- **WHAT IS NEEDED**
Pictures are not part of the answer. Return the lines from the one containing "Multicolour Vibrant Floral" through the end of the data, both included, exactly as they appear.

(DATA SEGMENT Opens)

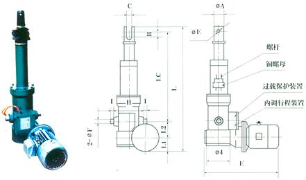 電動機輸出軸渦桿推動蝸輪蝸桿旋轉,使蝸輪蝸桿內連接的滾珠絲桿旋轉,滾珠絲桿上的螺帽在波導管所圍徑向挪動,至所需行程安排時,螺帽凸模壓下限位開關關閉電源,電機終止運行,正反面操縱同樣。
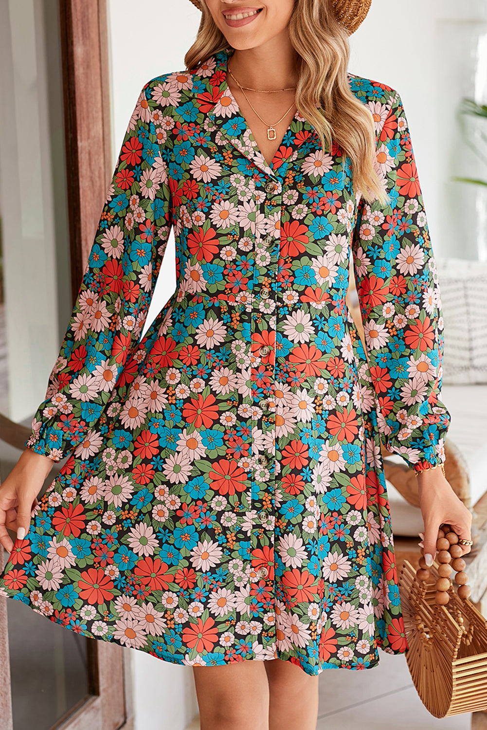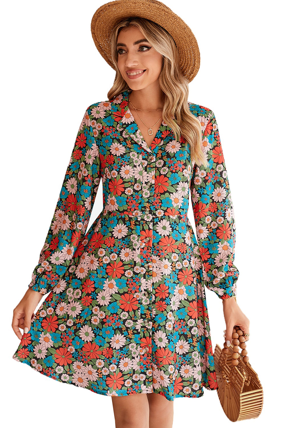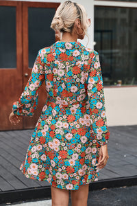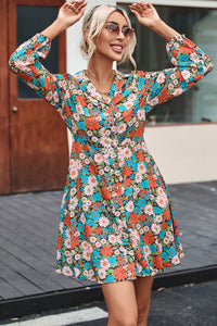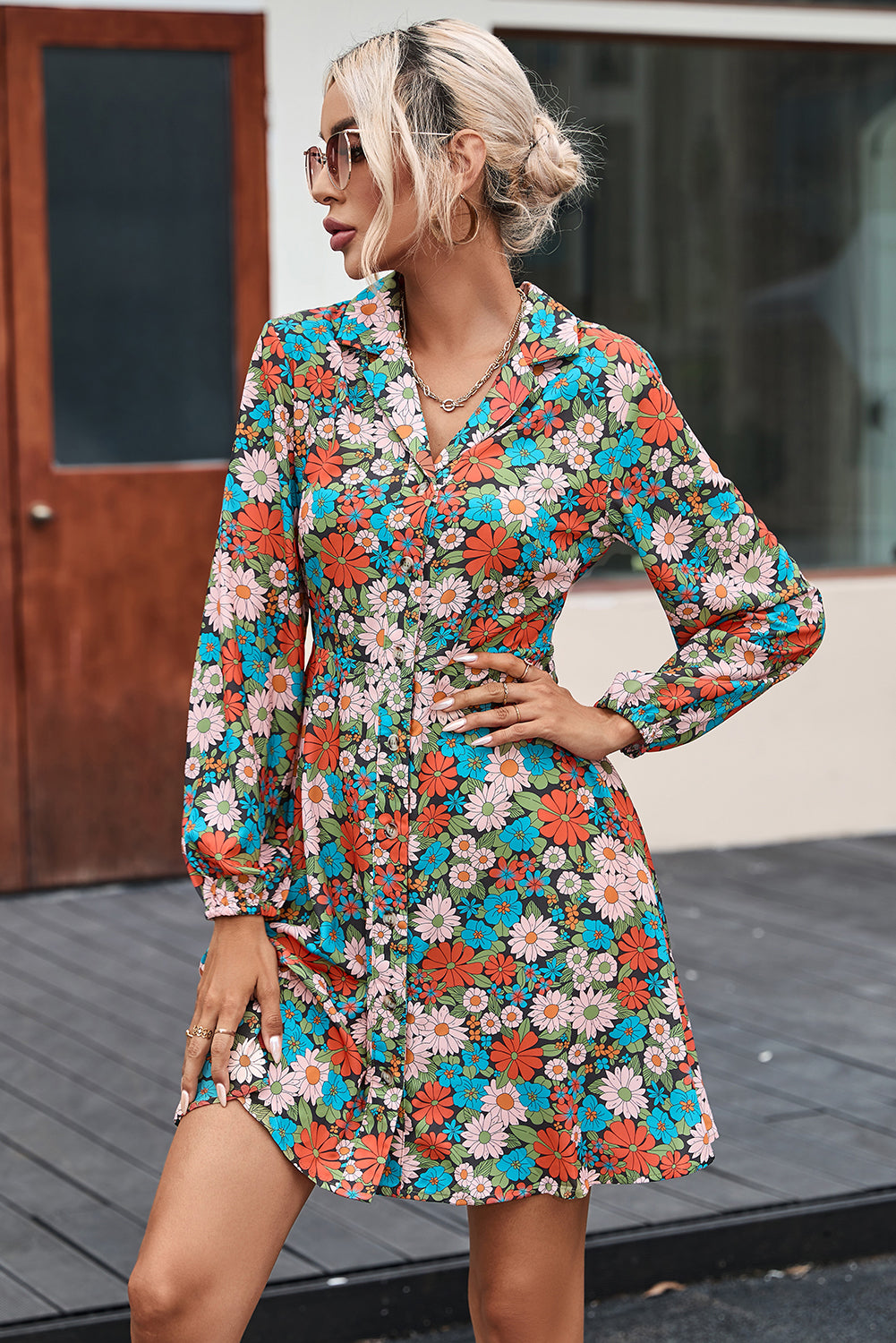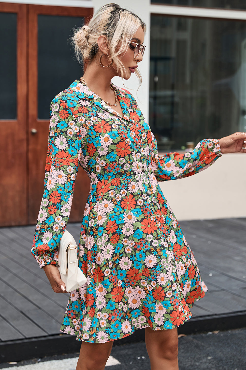 Multicolour Vibrant Floral Print Lapel Collar Button Closure Shirt Dress
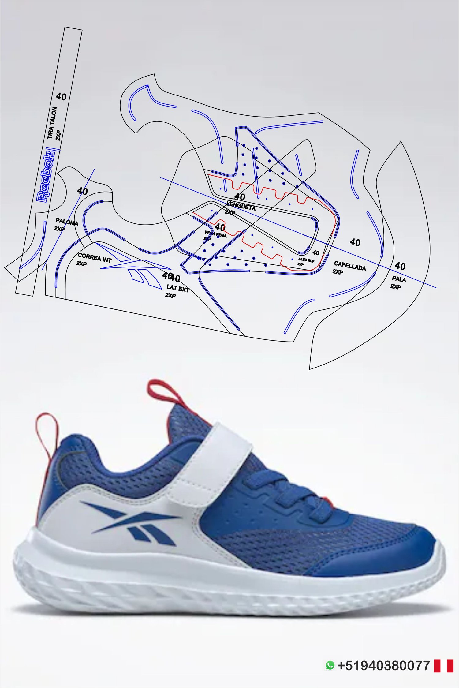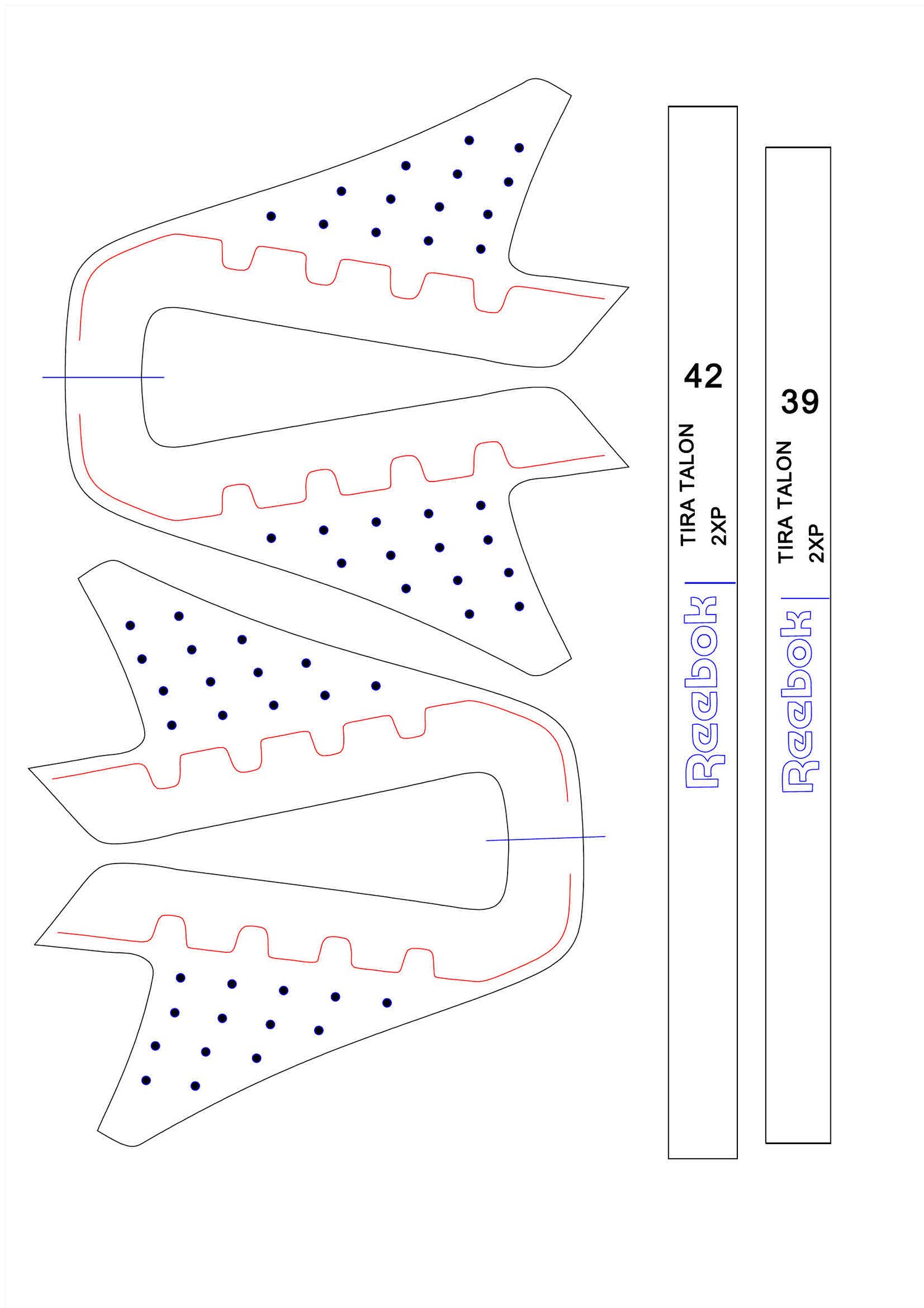 patrón de zapatilla urbana en hoja A4 PDF talla escaladas del 38 al 43. listo para imprimir y hacer tu propia producción.

(DATA SEGMENT Closes)

- **SOLUTION TO THIS TASK**
 Multicolour Vibrant Floral Print Lapel Collar Button Closure Shirt Dress
 patrón de zapatilla urbana en hoja A4 PDF talla escaladas del 38 al 43. listo para imprimir y hacer tu propia producción.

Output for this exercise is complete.